Professor Freedman says in up to a quarter of strokes or mini-strokes, AF is known beforehand. In a further quarter of strokes, AF can be found in the days after the stroke using electrocardiogram (ECG) monitoring. The more intense and prolonged the monitoring, the more likely for AF to be found.
“Once it’s discovered, these AF patients go onto anticoagulant blood thinners, rather than the usual stroke treatment of aspirin, and are therefore less likely to have another AF-related stroke,” the specialist says. “That is because aspirin is not really effective in preventing AF-related strokes”.

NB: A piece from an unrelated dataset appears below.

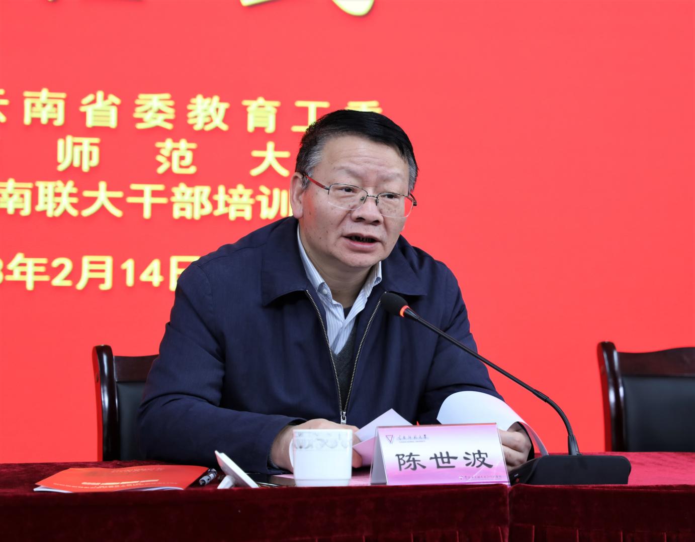 陈世波在培训动员时强调,举办全省高校思想政治理论课教师培训,既是我省实施高校思政课教师素质提升工程的重要内容,也是提升思政课教师综合素质、推动我省思政课改革创新的重要举措。培训的主要目的是学习贯彻党的二十大精神,深入贯彻落实中宣部、教育部关于在高校思政课中进一步加强习近平新时代中国特色社会主义思想教育教学工作要求,贯彻落实省委省政府主要领导关于思政课建设的指示精神,坚持不懈用习近平新时代中国特色社会主义思想铸魂育人。通过学习培训,一是深入学习贯彻党的二十大精神,着力推动党的二十大精神有机融入高校思政课教育教学;二是坚持问题导向,用好高校思政课新修订教材,着力提高思政课教育教学水平;三是不断增强荣誉感,着力打造一支政治强、情怀深、思维新、视野广、自律严、人格正的思政课教师队伍。

AF may be a marker of a heart muscle abnormality of the atrium called atrial myopathy. “More research is required to understand the causes and diagnosis of this myopathy, which could guide us on how intensively we should search for AF after stroke,” says Professor Freedman.
The white paper authored by 45 AF-SCREEN members, reviewed current research and found ECG monitoring should be continued for 72 hours after stroke to detect AF. “Even just routine monitoring for a full 24 hours after stroke would pick up a considerable number in this at-risk group,” says Professor Freedman, the corresponding author of the paper. “Unfortunately, it takes time and is more costly to use an ECG on a patient, so in many countries, it’s simply not an economic possibility to monitor them that long.”
The paper urges health authorities around the world to reconsider their ECG monitoring practices in the case of stroke, and calls for further research to build knowledge of this important health concern.